REQUIRED WORK: Please write out exactly, without any picture, each line from the first in the listing through the line that includes "I searched for".

DATASET EXTRACT:
::::::

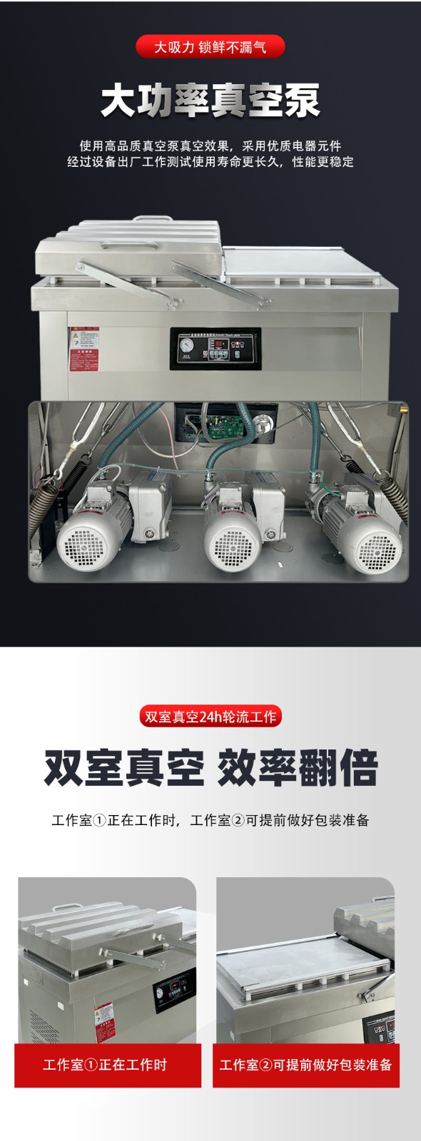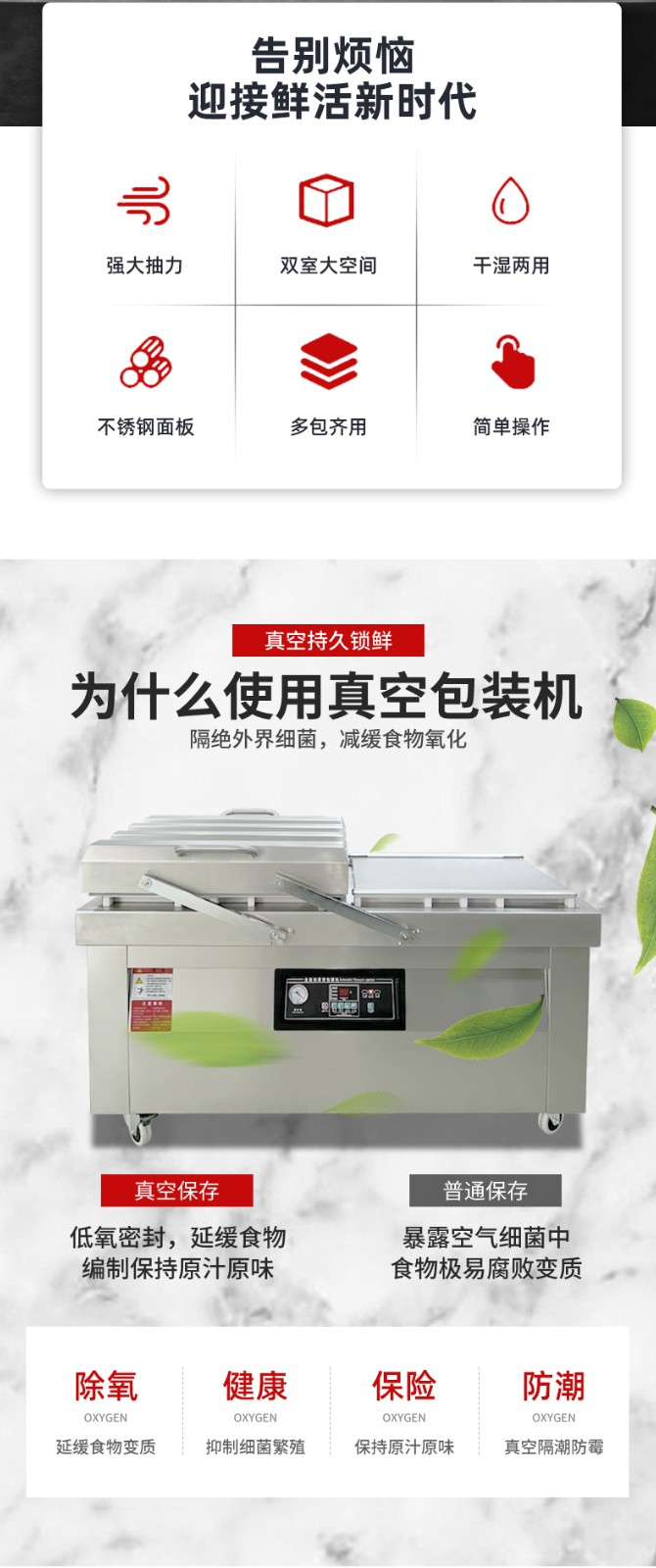 雙室真空包裝機(jī)通過(guò) “雙真空室輪換作業(yè)” 實(shí)現(xiàn)抽真空與裝袋無(wú)縫銜接,核心是利用兩個(gè)獨(dú)立真空室的 “時(shí)間差并行操作”,讓設(shè)備在同一周期內(nèi)同時(shí)完成 “抽真空密封” 和 “人工 / 自動(dòng)裝袋”,徹底消除單室機(jī)型 “抽真空時(shí)無(wú)法裝袋” 的等待間隙,大幅提升作業(yè)效率。其具體運(yùn)作邏輯和優(yōu)勢(shì)可拆解為以下 3 點(diǎn):
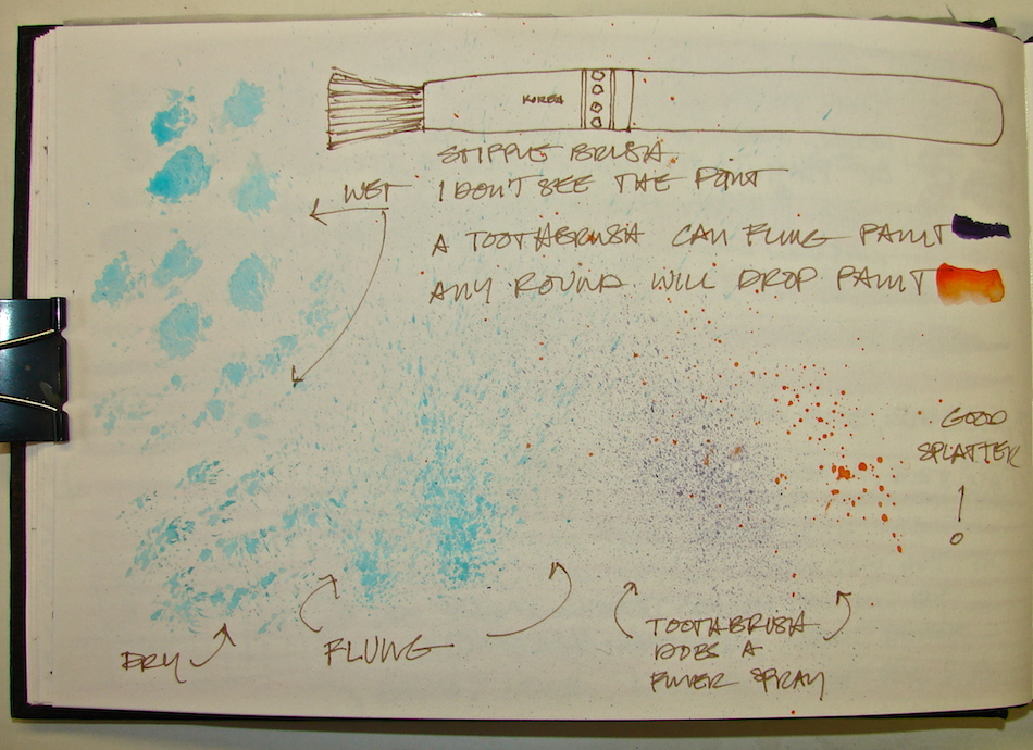 I searched for it in my box of things not used. I tested it with watercolors. The stipple brush with fairly wet watercolors (upper left cobalt turquoise paint splotches)looks a bit like a footprint. Stipple works so-so with the dry brush straight up (lower left turquoise paint). Turned on its side and flung with my thumb did a good spray pattern, but why? A toothbrush works well (finer spray in purple), and a #8 round (orange paint) taps out a nice pattern. I use the rounds and splatter large drops, and rarely use the toothbrush.
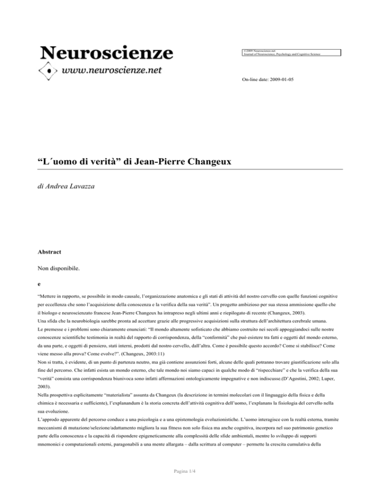 ©2009 Neuroscienze.net Journal of Neuroscience, Psychology and Cognitive Science On-line date: 2009-01-05 “L´uomo di verità” di Jean-Pierre Changeux di Andrea Lavazza Abstract Non disponibile. e “Mettere in rapporto, se possibile in modo causale, l’organizzazione anatomica e gli stati di attività del nostro cervello con quelle funzioni cognitive per eccellenza che sono l’acquisizione della conoscenza e la verifica della sua verità”. Un progetto ambizioso per sua stessa ammissione quello che il biologo e neuroscienzato francese Jean-Pierre Changeux ha intrapreso negli ultimi anni e riepilogato di recente (Changeux, 2003). Una sfida che la neurobiologia sarebbe pronta ad accettare grazie alle progressive acquisizioni sulla struttura dell’architettura cerebrale umana. Le premesse e i problemi sono chiaramente enunciati: “Il mondo altamente sofisticato che abbiamo costruito nei secoli appoggiandoci sulle nostre conoscenze scientifiche testimonia in realtà del rapporto di corrispondenza, della “conformità” che può esistere tra fatti e oggetti del mondo esterno, da una parte, e oggetti di pensiero, stati interni, prodotti dal nostro cervello, dall’altra. Come è possibile questo accordo? Come si stabilisce? Come viene messo alla prova? Come evolve?”. (Changeux, 2003:11) Non si tratta, è evidente, di un punto di partenza neutro, ma già contiene assunzioni forti, alcune delle quali potranno trovare giustificazione solo alla fine del percorso. Che infatti esista un mondo esterno, che tale mondo noi siamo capaci in qualche modo di “rispecchiare” e che la verifica della sua “verità” consista una corrispondenza biunivoca sono infatti affermazioni ontologicamente impegnative e non indiscusse.(D’Agostini, 2002; Luper, 2003). Nella prospettiva esplicitamente “materialista” assunta da Changeux (la descrizione in termini molecolari con il linguaggio della fisica e della chimica è necessaria e sufficiente), l’explanandum è la storia concreta dell’attività cognitiva dell’uomo, l’explanans la fisiologia del cervello nella sua evoluzione. L’approdo apparente del percorso conduce a una psicologia e a una epistemologia evoluzionistiche. L’uomo interagisce con la realtà esterna, tramite meccanismi di mutazione/selezione/adattamento migliora la sua fitness non solo fisica ma anche cognitiva, incorpora nel suo patrimonio genetico parte della conoscenza e la capacità di rispondere epigeneticamente alla complessità delle sfide ambientali, mentre lo sviluppo di supporti mnemonici e computazionali esterni, paragonabili a una mente allargata – dalla scrittura al computer – permette la crescita cumulativa della Pagina 1/4 “cultura”. (Barkow, Cosmides, Tooby, 1992; Pinker, 1997). Ovvero, come dice l’Autore, sono “sopravvissute le specie capaci, a partire dal loro patrimoni genetico, di formarsi dell’ambiente circostante rappresentazioni sufficientemente ‘vere’ da garantire loro l’omeostasi e la possibilità di riprodursi”. L’intera realtà cognitiva si spiega in questi termini, la difficoltà riguarda la comprensione dei meccanismi specifici all’opera nel cervello. (Popper, 1983). E Changeux si propone di fare luce su di essi, proprio perché la sua sintesi originale si occupa della “scatola nera” del sistema nervoso centrale (Snc) che i teorici lasciano inesplorata. Il primo elemento fondamentale di novità rispetto al modello evoluzionistico classico riguarda l’attività neuronale spontanea. “Il cervello si comporta naturalmente come un sistema autonomo che proietta in permanenza informazione verso il mondo esterno, invece di riceverne passivamente gli influssi. L’attività intrinseca spontanea del cervello è una delle sue principali componenti. Essa si manifesta attraverso potenziali d’azione prodotti spontaneamente dalle cellule nervose” (Changeux, 2003:28). Responsabili di tale attività sono gli oscillatori molecolari, costituiti da almeno due proteine-canale antagoniste strettamente accoppiate. Le fluttuazioni lente del potenziale elettrico della membrana neuronale da essi prodotte, al di là di una certa soglia, scatenano scariche spontanee. L’altra caratteristica essenziale del cervello è la sua plasticità. “Il termine designa la generica capacità del neurone e delle sue sinapsi di cambiare proprietà in funzione del loro stato di attività. Questa proprietà fondamentale contraddice l’impressione ingenua secondo la quale il cervello sarebbe una sorta di automa rigido costituito esclusivamente da rotelle e ingranaggi” (Changeux, 2003:30). Dall’”apertura” del sistema nervoso discende la sua “motivazione”. “[Il cervello] opera anche in senso contrario, come produttore di rappresentazioni che vengono proiettate sul mondo esterno. L’attività spontanea di insiemi specializzati di neuroni spinge l’organismo a esplorare e a sperimentare continuamente l’ambiente fisico, sociale e culturale, a cogliere le risposte e a confrontarle con quanto ha in memoria. Di conseguenza il cervello sviluppa sorprendenti capacità di ‘autoattivazione’ e quindi di autoorganizzazione” (Changeux, 2003:37). Si tratta, a quanto sembra, di una capacità cablata nel Snc dall’evoluzione darwiniana la cui storia filogenetica meriterebbe di essere indagata e le cui tappe non sono facilmente ricostruibili, né il metodo da seguire individuato con certezza (Sterelny, 2004). Uno dei meccanismi chiave messo in evidenza da Changeux è quello della “ricompensa mentale”. In studi famosi e più recenti (Olds, 1958; Di Chiara, 1999) si è accertato che la liberazione di dopamina nel corpo striato (e nel nucleo accumbens in particolare) produce il “piacere della ricompensa” che può essere associato alle droghe ma anche a comportamenti conoscitivi. Fondamentale è la cosiddetta anticipazione: uomo e animale imparano a prevedere la ricompensa e a cercare le condizioni in cui possono ottenerla, e questa cap
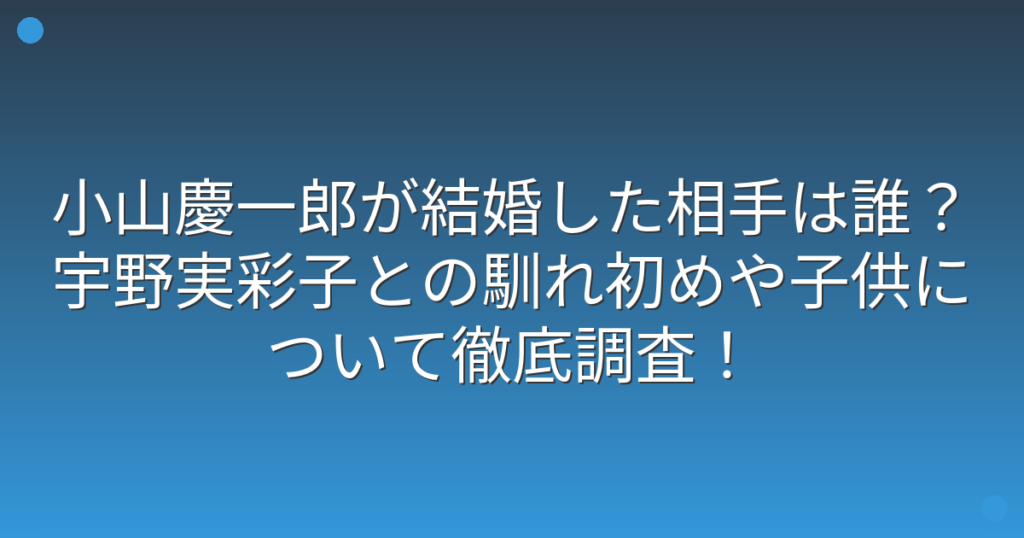 小山慶一郎が結婚した相手は誰?宇野実彩子との馴れ初めや子供について徹底調査!

::::::

RESPONSE TO THE TASK:
 雙室真空包裝機(jī)通過(guò) “雙真空室輪換作業(yè)” 實(shí)現(xiàn)抽真空與裝袋無(wú)縫銜接,核心是利用兩個(gè)獨(dú)立真空室的 “時(shí)間差并行操作”,讓設(shè)備在同一周期內(nèi)同時(shí)完成 “抽真空密封” 和 “人工 / 自動(dòng)裝袋”,徹底消除單室機(jī)型 “抽真空時(shí)無(wú)法裝袋” 的等待間隙,大幅提升作業(yè)效率。其具體運(yùn)作邏輯和優(yōu)勢(shì)可拆解為以下 3 點(diǎn):
 I searched for it in my box of things not used. I tested it with watercolors. The stipple brush with fairly wet watercolors (upper left cobalt turquoise paint splotches)looks a bit like a footprint. Stipple works so-so with the dry brush straight up (lower left turquoise paint). Turned on its side and flung with my thumb did a good spray pattern, but why? A toothbrush works well (finer spray in purple), and a #8 round (orange paint) taps out a nice pattern. I use the rounds and splatter large drops, and rarely use the toothbrush.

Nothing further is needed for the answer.